If we need to compile a helloworld program running on the X86 architecture, we only need to execute
gcc helloworld.c -o helloworld under the Linux system
If you want to compile a program running on an ARM system on an X86 host, you need to use a cross compiler.
1. Compiler naming rules:
The naming rule of the cross-compilation toolchain is: arch [-vendor] [-os] [-(gnu)eabi]
arch-architecture, such as ARM, MIPS
verdor-tool chain providers, such as Freescale provides tools referred to as fs
os-target operating system, such as linux
eabi-embedded application binary interface, Embedded Application Binary Interface (EABI)

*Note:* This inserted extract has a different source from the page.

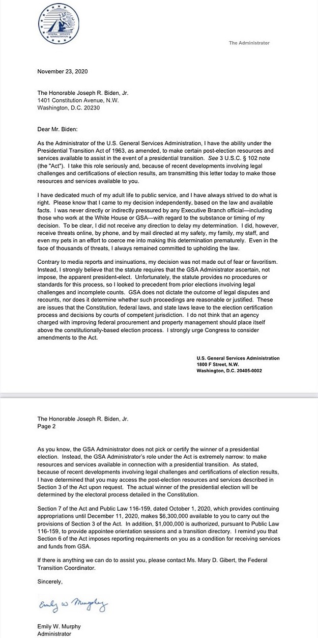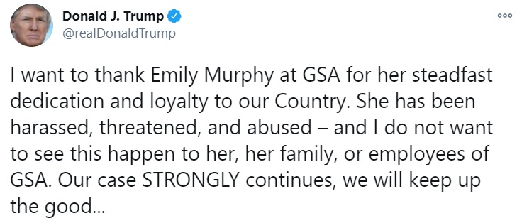 “I want to thank Emily Murphy at GSA for her steadfast dedication and loyalty to our Country. She has been harassed, threatened, and abused – and I do not want to see this happen to her, her family, or employees of GSA. Our case STRONGLY continues,” Trump tweeted moments after the letter was sent to Joe Biden.

according to the Whether the operating system is supported or not, ARM GCC can be divided into supported and unsupported operating systems, such as
arm-none-eabi: This does not have an operating system, and it is naturally impossible to support functions that are closely related to the operating system, such as fork(2). He uses newlib, a C library dedicated to embedded systems.

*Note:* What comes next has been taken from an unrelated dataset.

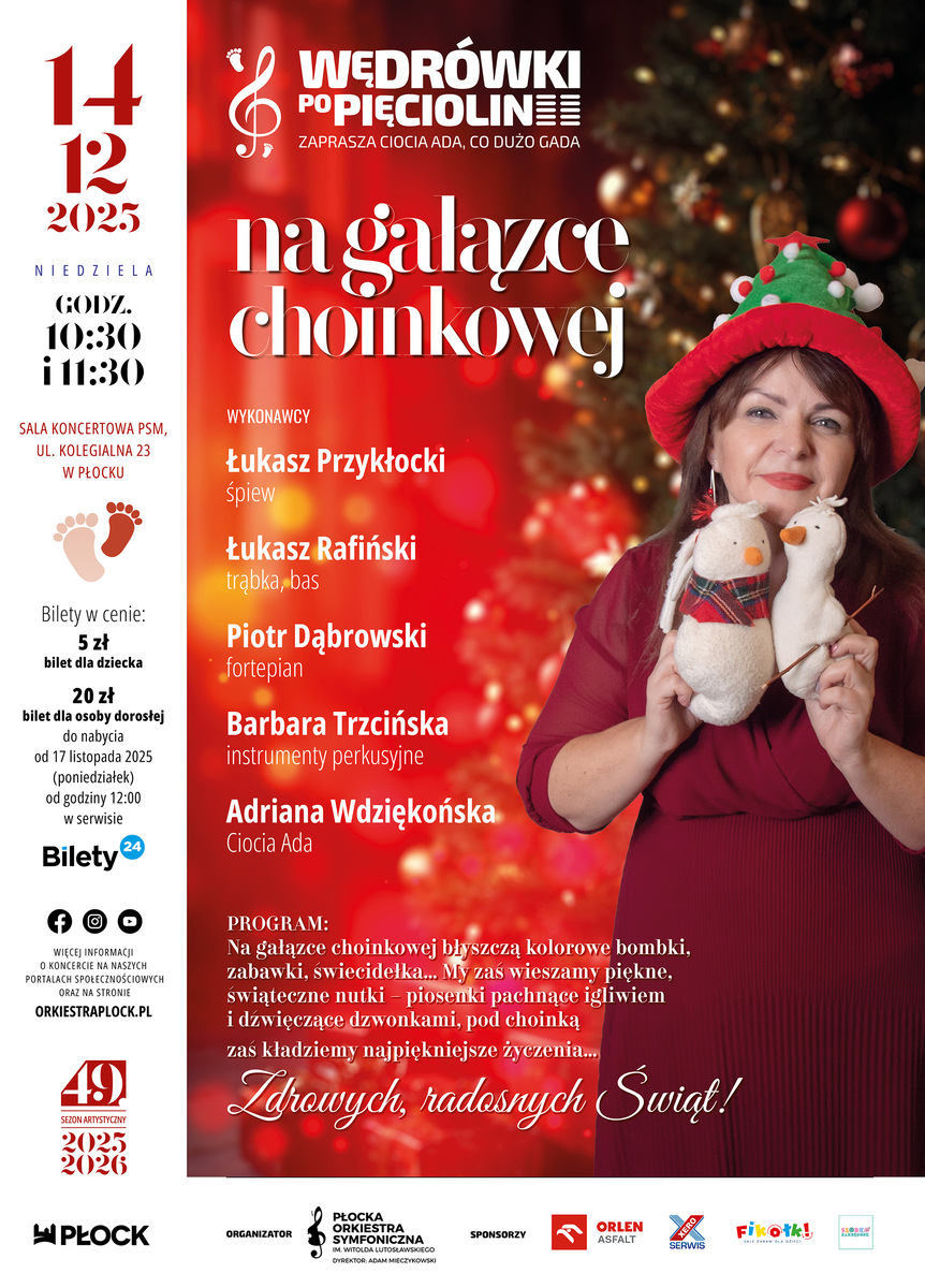 14 grudnia 2025, godz. 10:30 i 11:30 sala koncertowa PSM, ul. Kolegialna 23 WĘDRÓWKI PO PIĘCIOLINII NA GAŁĄZCE CHOINKOWEJ Wykonawcy: Olga Gwizdała – śpiew Łukasz Rafiński – trąbka, bas Piotr Dąbrowski – fortepian Barbara Trzcińska – instrumenty perkusyjne Adriana Wdziękońska – Ciocia Ada Na gałązce choinkowej błyszczą kolorowe bombki, zabawki, świecidełka… My zaś wieszamy piękne, świąteczne nutki – piosenki pachnące igliwiem i dźwięczące dzwonkami, pod choinką zaś kładziemy najpiękniejsze życzenia… Zdrowych, radosnych Świąt! Bilety w cenie: - 5 zł bilet dla dziecka - 20 zł bilet dla osoby dorosłej do nabycia od 17 listopada 2025 (poniedziałek) od godziny 12:00 w kasie biletowej POS oraz w serwisie Bilety24.pl******* Bezpieczne zakupy w...

arm-none-linux-eabi: for Linux, use Glibc
2. Example:
1、arm-none-eabi-gcc
(ARM architecture,no vendor,not target an operating system,complies with the ARM EABI)
Used to compile ARM-based bare metal systems (including boot and kernel of ARM Linux, not suitable for compiling Linux applications),
Generally suitable for ARM7, Cortex-M and Cortex-R core chips, so it does not support those functions that are closely related to the operating system.

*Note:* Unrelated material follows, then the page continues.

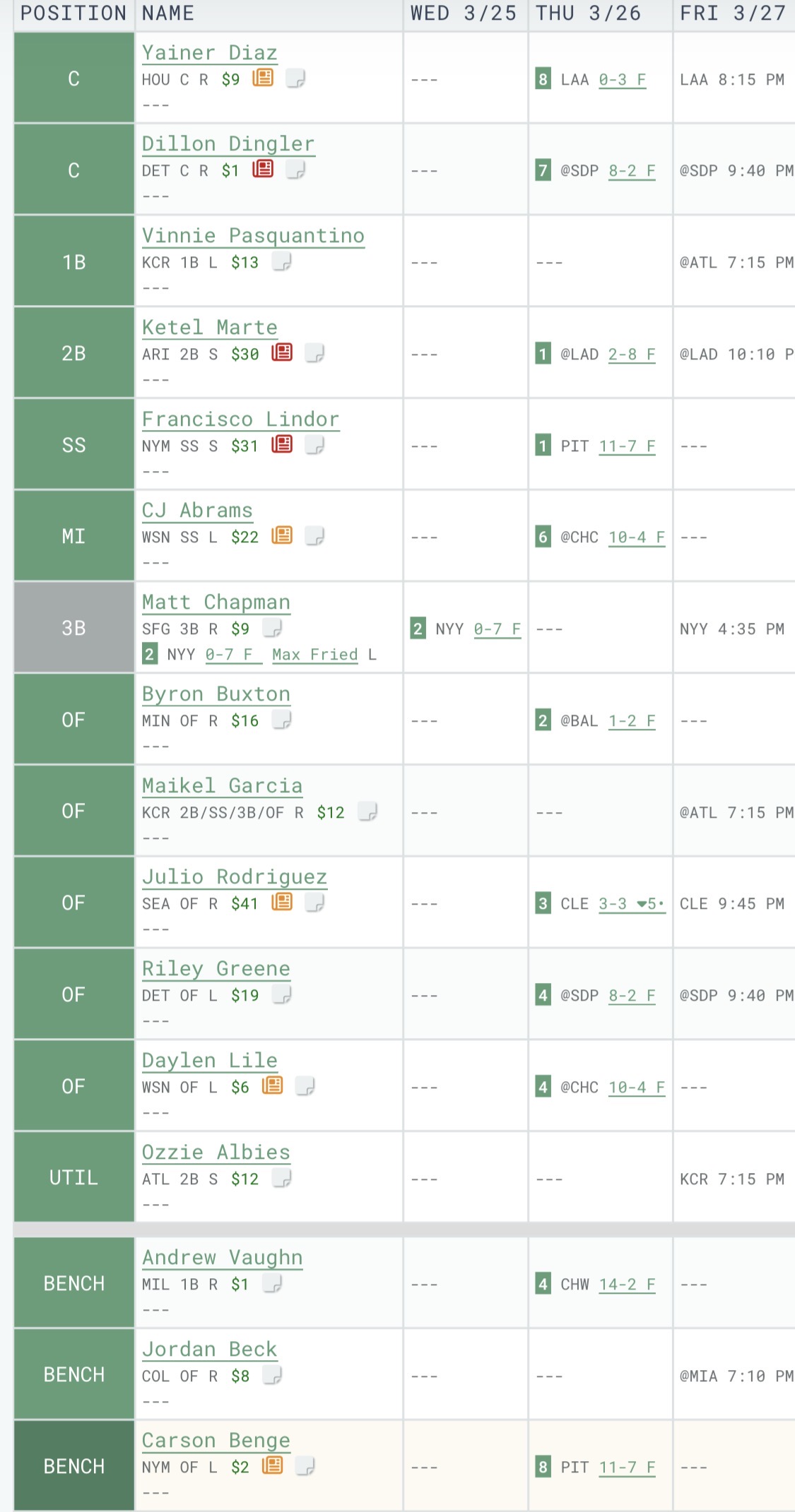 If anyone in a weekly league runs into an issue with this, they should email me, but the Braves and Royals don’t play for another 7 hours so I think there’s time to get everything sorted.

For example, fork(2), he uses newlib, a C library dedicated to embedded systems.
2、arm-none-linux-gnueabi-gcc
(ARM architecture, no vendor, creates binaries that run on the Linux operating system, and uses the GNU EABI)
It is mainly used for Linux systems based on ARM architecture, and can be used to compile u-boot, Linux kernel, Linux applications of ARM architecture, etc.
arm-none-linux-gnueabi is based on GCC, uses the Glibc library, and is a compiler optimized by Codesourcery.
The floating point calculations of arm-none-linux-gnueabi-xxx cross-compilation tools are excellent. Generally, ARM9, ARM11, Cortex-A kernels and Linux operating system will use them.
3. arm-eabi-gcc
Android ARM compiler.
4.
The compilation tool launched by armcc ARM has similar functions to arm-none-eabi and can compile bare metal programs (u-boot, kernel),
But you cannot compile Linux applications. Armcc generally works with ARM development tools. The compilers in Keil MDK, ADS, RVDS and DS-5 are all armcc, and most of the armcc compilers are charged.
5、arm-none-uclinuxeabi-gcc 和 arm-none-symbianelf-gcc
arm-none-uclinuxeabi is used for uCLinux, using Glibc.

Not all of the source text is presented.